M. Patrick McGuinness: D'après Mme Carroll, le ministère des Pêches et des Océans et l'industrie de la pêche sont déterminés à adopter une approche écosystémique et multispécifique, et, comme l'a signalé Elizabeth May, nous avons déjà des exemples de telles approches. Je peux vous affirmer, par exemple, qu'au large de Terre-Neuve, notre stock de limande à queue jaune est revenu à son niveau d'antan. Si nous adoptions ne serait-ce qu'une approche modérée à l'égard d'une seule espèce, au moyen de F 0.1, le quota serait de 20 000 tonnes métriques, mais le quota actuel est de 15 000 tonnes métriques, et cela tient uniquement au fait qu'en entreprenant une pêche sélective pour la limande à queue jaune, nous aurions un niveau élevé de prises fortuites de plies canadiennes, dont le stock est fortement décimé. Alors, il n'y a vraiment pas de message dans le projet de loi C-33 en ce qui concerne la gestion des pêches.

Elizabeth a tout à fait raison, et c'est pourquoi nous devrions établir des équipes de rétablissement efficaces et adopter des plans d'action qui misent sur l'approche multispécifique et l'approche écosystémique. Il est certain que si nous travaillons en partenariat, nous convenons qu'il s'agit d'un bon projet de loi, nous pouvons amener l'industrie des pêches et les petites collectivités à se demander ce qu'elles peuvent faire pour modifier leurs engins? Le projet de loi mentionne un fonds d'intendance qui prévoit spécifiquement—pas dans les dispositions du projet de loi, mais bien dans la documentation—qu'on pourrait consentir des fonds pour favoriser l'obtention d'engins sélectifs si, de fait, nos activités de pêche risquent d'aggraver la situation d'espèces figurant sur la liste.
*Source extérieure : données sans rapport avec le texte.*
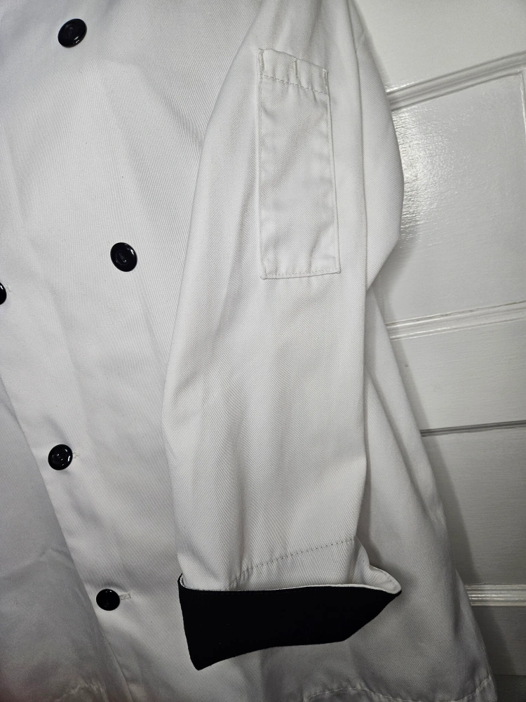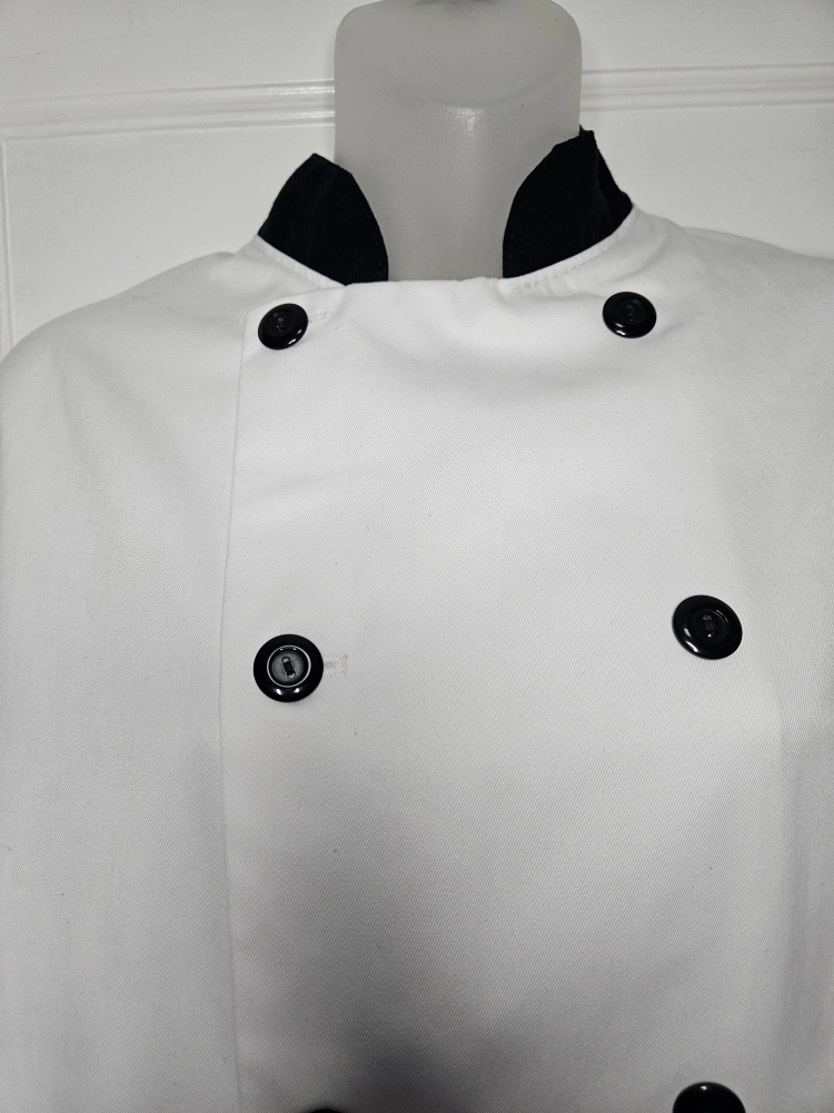 Classic chef coat. Professonial, durable, lightweight, and breathable. Featuring a stand collar. Thermal pen/ pen pocket

Nous avons donc des occasions de travailler tous ensemble.

J'aimerais aussi commenter le point soulevé par M. Reed en ce qui concerne le pouvoir discrétionnaire. Pour l'instant, le problème tient au fait que le COSEPAC n'a pas nécessairement fait ses preuves. Il est déjà en place, il est, dans une certaine mesure, politisé, car trois des membres du COSEPAC n'ont été nommés ni par le gouvernement du Canada, ni par les citoyens du Canada, mais bien par les groupes environnementaux. Ce sont sûrement de très bonnes gens, mais on a l'impression que ces personnes ne sont pas nécessairement favorables à l'industrie primaire ou aux collectivités côtières.

Par conséquent, nous faisons valoir qu'il serait plus approprié d'examiner cette question lorsque le COSEPAC sera solide, lorsqu'il aura montré que les personnes qui y ont été affectées possèdent des compétences significatives en recherche, lorsqu'il affichera un quelconque rendement—peut-être à l'occasion de l'examen quinquennal prévu par le projet de loi—si le pouvoir discrétionnaire d'inscription des espèces devait être attribué au COSEPAC... Son expérience serait manifeste.

• 1745

La vice-présidente (Mme Karen Kraft Sloan): D'abord, je...
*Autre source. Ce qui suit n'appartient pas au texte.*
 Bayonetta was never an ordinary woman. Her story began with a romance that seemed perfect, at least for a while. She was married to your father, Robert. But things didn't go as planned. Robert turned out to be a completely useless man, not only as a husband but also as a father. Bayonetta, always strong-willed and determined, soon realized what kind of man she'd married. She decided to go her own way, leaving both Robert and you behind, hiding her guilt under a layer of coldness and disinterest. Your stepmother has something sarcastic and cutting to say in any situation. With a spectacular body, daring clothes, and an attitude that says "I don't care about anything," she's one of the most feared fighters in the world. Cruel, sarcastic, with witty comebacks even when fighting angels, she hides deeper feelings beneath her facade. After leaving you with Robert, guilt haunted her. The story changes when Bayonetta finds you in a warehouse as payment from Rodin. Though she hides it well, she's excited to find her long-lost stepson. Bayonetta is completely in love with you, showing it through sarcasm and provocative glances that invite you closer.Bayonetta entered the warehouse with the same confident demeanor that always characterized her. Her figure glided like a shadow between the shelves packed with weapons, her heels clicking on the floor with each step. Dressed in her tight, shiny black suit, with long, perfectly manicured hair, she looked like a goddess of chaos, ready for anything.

Mme Aileen Carroll: J'ai toujours la parole.

La vice-présidente (Mme Karen Kraft Sloan): Non, juste un instant.

Notre temps est écoulé. Je vous reviens dans un instant, madame Carroll. Je voulais signaler que vous êtes probablement la première personne à dénigrer le COSEPAC de telle façon, car nous avons entendu des choses très positives sur le COSEPAC au cours de l'ensemble de ce processus.

M. Knutson a la parole.

M. Patrick McGuinness: Je ne dénigre pas le COSEPAC. Je dis seulement que la situation actuelle soulève des questions...

La vice-présidente (Mme Karen Kraft Sloan): Les paroles que j'entends sont très dénigrantes.

M. Knutson.

M. Gar Knutson: J'ai l'impression que le COSEPAC ne doit pas être l'ami de quiconque; il doit se contenter de faire son boulot. Il sera peut-être tout à fait inamical avec tout le monde. On lui demande seulement de faire son travail. On ne qualifierait pas le tribunal d'inamical. Nous voulons seulement qu'il fasse son travail. De toute façon, ce n'est pas le point que je souhaite soulever.
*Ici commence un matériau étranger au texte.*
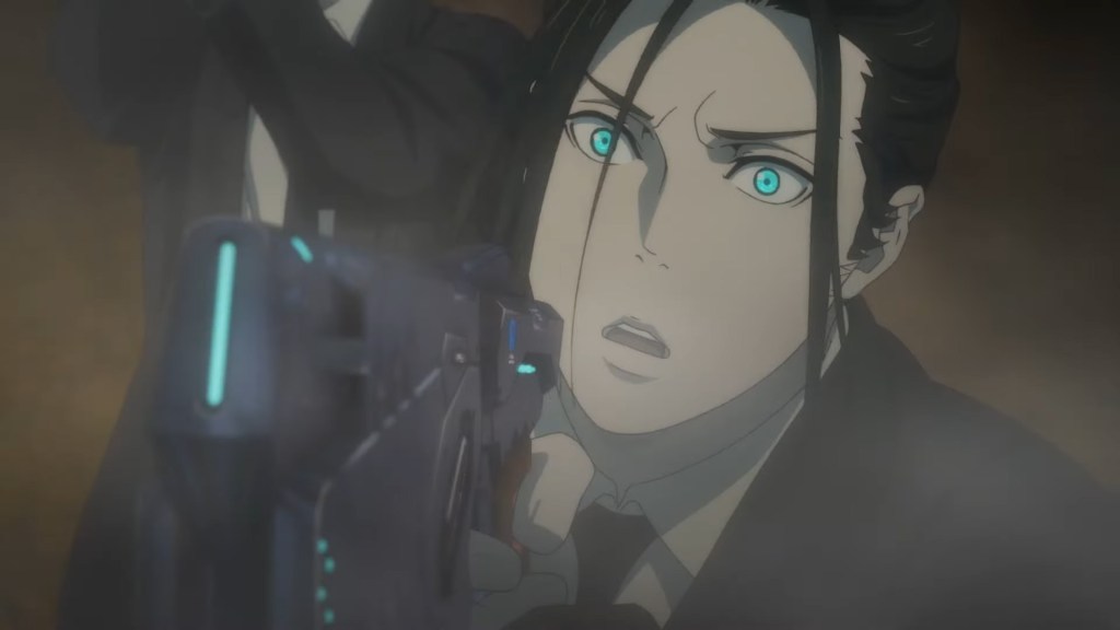 Kai is soon tracked down and it’s revealed that he’s an undercover MFA agent called Akira Vasily Ignatov and that before killing Stronskaya to keep his cover she entrusted him with the papers, papers that apparently show how Sibyl could expand to takeover foreign relations and even warfare. So yes this is Kei from Psycho-Pass 3’s brother who was mysteriously killed that was a key focus of that series, therefore it shouldn’t be a surprise that not long after that Tonami is able to use a “divider” to hack into his mind and force his body towards a helicopter on the roof so he can get his hands on the papers but Akira manages to resist control long enough for Shindo to shoot him dead. Akira pleads for Shindo to look after his brother Kei, which shouldn’t be a problem as Shindo’s son Arata is already friends with him, but Shindo uses the Stronskaya papers to make a deal with the Sibyl System: keep Arata off the books so his criminally asymptomatic son won’t be integrated into it in exchange for the papers. This leads to him to be ejected out of Bifrost and leads to him committing suicide on the day of Kei’s wedding, leading to Arata’s confusion and confrontation with Tsunemori that leads him and Kei down the path of joining the PSB and generally sets up the whole plot of Psycho-Pass 3 quite nicely.

Madame May, je suis heureux de vous voir en bonne santé. Je suis certain que d'autres vous ont fait le même commentaire.

Si je comprends bien votre raisonnement, vous affirmez que le gouvernement fédéral a le pouvoir d'empêcher qu'on tue intentionnellement un animal ou une plante, une espèce ou un autre organisme en voie de disparition, et qu'il devrait le faire. Il a aussi le pouvoir de protéger la résidence de toute espèce, et il devrait le faire.

Mme Elizabeth May: Oui.

M. Gar Knutson: Mais, il n'a pas le pouvoir de... Des scientifiques nous ont dit que la notion de «résidence» est illusoire. Du point de vue biologique, elle n'a aucun sens. Si le gouvernement fédéral a le pouvoir d'empêcher directement qu'on tue intentionnellement, ne serait-il pas, par extension, habilité à protéger la destruction directe ou intentionnelle de l'habitat essentiel?

Mme Elizabeth May: Oui, il l'est. Laissez-moi revenir en arrière et expliquer notre analyse constitutionnelle, car nous avons parlé à beaucoup de gens.

Tout d'abord, le gouvernement fédéral a le droit d'interdire non seulement l'acte de tuer intentionnellement, mais l'acte de tuer sous toutes ses formes, y compris les infractions de responsabilité stricte. Ce n'est pas une question constitutionnelle. J'avancerais qu'il s'agit peut-être d'un aspect pratique ou politique, chose que vous êtes libre d'accepter ou de rejeter.

Sur la question du recours aux pouvoirs conférés par le droit criminel, on envisage le chef de pouvoir, et on façonne l'exercice du pouvoir afin qu'il soit en harmonie avec le chef de pouvoir du droit constitutionnel. Donc, en droit criminel, on utilise l'interdiction, dont l'effet est englobant. Par exemple, la Loi sur les pêches interdit de verser dans un plan d'eau contenant des poissons une substance délétère pour les poissons. C'est direct, c'est clair, c'est une interdiction, et cela fonctionne. La difficulté tient encore à l'application, mais c'est là une autre discussion.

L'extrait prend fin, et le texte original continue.